The accelerating shift to digital creates an immense challenge for financial services organizations. As access to digitally enabled services continues to explode, so do the opportunities for fraud which can erode trust and cause significant financial harm.
While the 2020 pandemic accelerated all types of fraud across digital channels, account takeover (ATO) fraud has skyrocketed. Between the second quarter of 2019 to the second quarter of 2020, ATO fraud grew by 282%. As long as criminals can cleverly exploit weaknesses in an institution’s ability to distinguish a legitimate customer from an imposter, this threat will continue to grow.
Re-thinking the balance between friction and trust
ATO attacks succeed when digital identity verification techniques fail. Criminals are developing increasingly sophisticated techniques for successfully impersonating legitimate customers or their passwords to gain access to accounts and wreak havoc.
Today, too many companies focus their energies on establishing proof of identity at the outset of a digital customer journey. A new customer, the thinking goes, is more likely to tolerate the “friction” associated with identity authentication, such a providing a digital capture of a government-issued ID and a live selfie that can be accurately matched against the document photo.
Establishing trust in a person’s digital identity is an ongoing process throughout the customer journey. Document-centric identity verification solutions, combined with biometrics, can help financial services firms establish a foundation of trust with new customers – and protect trust at every touchpoint. Not only will it help reduce the threat of ATO attacks, but it’s also likely to increase customer confidence – over three quarters (76%) of breach-weary consumers are in favor of advanced security protocols over passwords, even if it meant compromising on the convenience of the checkout experience.
Protecting trust throughout the digital customer lifecycle
As you look to strengthen of your line of defense against ATO attacks, consider an adaptive approach that incorporates multi-factor authentication techniques that can strike the right balance between trust and convenience at scale throughout the customer lifecycle.
Read the new infographic: BEST PRACTICES FOR THE DIGITAL IDENTITY LIFECYCLE
Digital identity lifecycle Q&A
When and why do identity processes typically fail?
Proofing, verification, and authentication processes can fail when criminals can too easily gain access to passwords or other personal identifiers, or the burden of proof on good customers is so onerous it leads to abandonment, or when the evidence captured lacks the required quality (blurry, glare, liveness) to ensure confidence in it as proof of identity.
How to strengthen these processes?
Start with a high quality, spoof-proof capture of evidence – ID documents, selfies, or other biometrics. This improves the efficacy of verification algorithms and processes. A reliable proof of identity at Day Zero ensures the customer journey is off to a good start, while establishing a baseline of trust for subsequent digital touch points.
How to build the right toolset?
The right solution to digital identity verification and authentication is adaptable and configurable. Depending upon requirements and risk profiles, businesses can opt to layer in agent assistance, biometrics, and NFC as needed – all centered on a reliably proven and maintained customer identity, and ideally with a consistent user experience from end to end.
What role should biometrics play?
Biometrics can play a significant role throughout the digital identity lifecycle. During initial identity proofing, biometrics can help ensure that the person presenting the document is its rightful owner. During identity authentication, biometrics can make the customer experience faster and easier by eliminating the need to remember passwords or check a second device for one-time codes.
Are device-enabled biometrics sufficient?

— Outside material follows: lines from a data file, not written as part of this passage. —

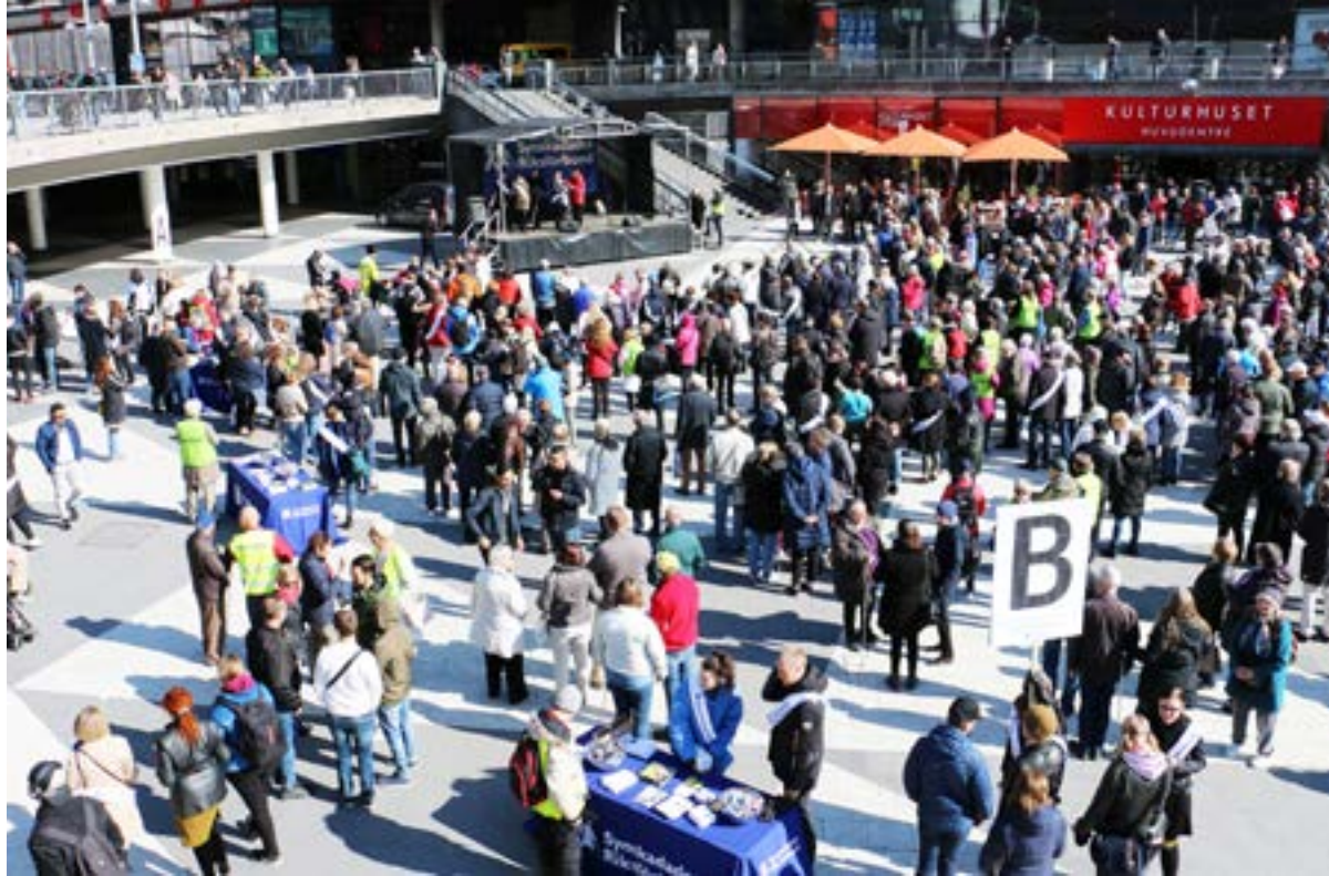
vänster: Manifestationen för rätten till ledsagning på Sergels torg i Stockholm. På en scen talades om ledsagning och där fanns informationsbord och allmänheten kunde prova på att bli ledsagade.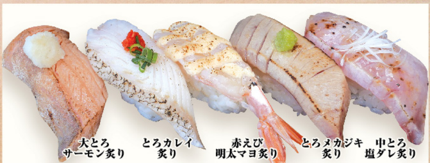
大とろサーモン炙り とろカレイ炙り 赤えび明太マヨ炙り とろメカジキ炙り 中とろ塩ダレ炙り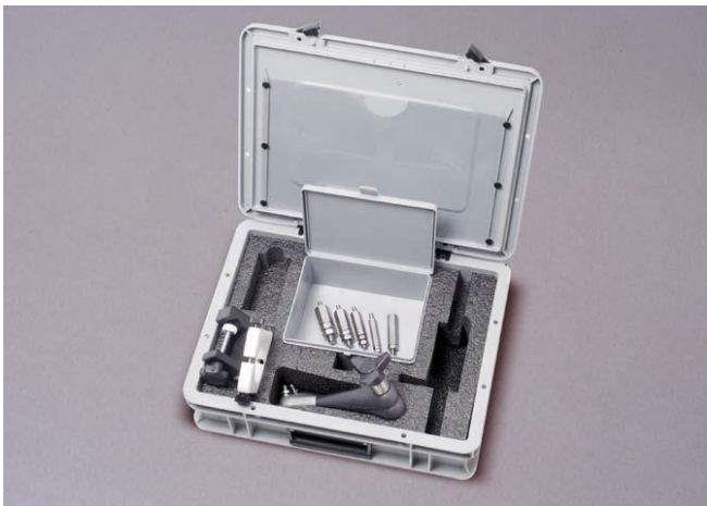
Набор для монтажа угловых датчиков

It’s true that modern smartphones leverage biometrics (selfies, fingerprints) to verify the user’s identity. But these solutions lack enterprise-grade features such as liveness detection and granular control over how well the user experience maps to the business’ risk tolerances and other thresholds. Device-enabled biometrics are still largely used as a single-factor authentication, one that can be breached simply by knowing the user’s device PIN. Multi-factor approaches create additional protections.

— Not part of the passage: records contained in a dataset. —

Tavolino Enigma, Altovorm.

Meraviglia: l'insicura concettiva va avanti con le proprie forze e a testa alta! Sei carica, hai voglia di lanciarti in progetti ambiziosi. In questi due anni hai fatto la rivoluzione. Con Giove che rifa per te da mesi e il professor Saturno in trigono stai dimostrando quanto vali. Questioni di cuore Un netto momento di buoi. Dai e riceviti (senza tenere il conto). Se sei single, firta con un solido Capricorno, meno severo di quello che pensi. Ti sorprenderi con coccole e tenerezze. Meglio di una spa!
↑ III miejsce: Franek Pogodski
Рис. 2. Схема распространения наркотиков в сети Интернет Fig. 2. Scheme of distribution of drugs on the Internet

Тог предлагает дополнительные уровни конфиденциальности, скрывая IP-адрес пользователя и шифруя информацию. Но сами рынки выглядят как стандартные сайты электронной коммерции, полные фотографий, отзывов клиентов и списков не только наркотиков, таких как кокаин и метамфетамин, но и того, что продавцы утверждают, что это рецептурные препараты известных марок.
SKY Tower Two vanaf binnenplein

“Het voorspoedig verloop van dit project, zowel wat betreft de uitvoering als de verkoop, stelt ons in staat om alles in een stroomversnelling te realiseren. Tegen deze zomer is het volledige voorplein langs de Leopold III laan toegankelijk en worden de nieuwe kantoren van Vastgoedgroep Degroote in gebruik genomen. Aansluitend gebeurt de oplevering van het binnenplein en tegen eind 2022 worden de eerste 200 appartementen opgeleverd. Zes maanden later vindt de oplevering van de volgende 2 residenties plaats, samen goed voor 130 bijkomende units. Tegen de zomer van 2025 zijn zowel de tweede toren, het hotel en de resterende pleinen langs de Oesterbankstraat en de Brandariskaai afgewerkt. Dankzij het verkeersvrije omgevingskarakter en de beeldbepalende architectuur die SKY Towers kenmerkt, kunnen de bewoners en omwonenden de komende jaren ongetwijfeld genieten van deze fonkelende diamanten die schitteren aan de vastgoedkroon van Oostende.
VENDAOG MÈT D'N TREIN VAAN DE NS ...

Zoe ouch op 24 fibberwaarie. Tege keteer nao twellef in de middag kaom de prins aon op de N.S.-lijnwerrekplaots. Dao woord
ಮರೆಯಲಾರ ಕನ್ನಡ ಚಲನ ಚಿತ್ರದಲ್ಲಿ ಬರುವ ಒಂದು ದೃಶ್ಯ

Are multi-modal biometrics the way forward?
Advances in fraud have made knowledge-based authentication data such as device PINs vulnerable to attack, plus passwords and OTP are too time-intensive for customers. Multi-modal biometrics are simpler for customers, and the best defense against account takeover (ATO) attacks.
Are NFC capabilities essential today?
Yes, if your identity proofing process relies on near-field communication (NFC)-enabled IDs and ePassports. NFC will play a more important role over time, as we expect to see an increasing number of ID documents embedding NFC chips.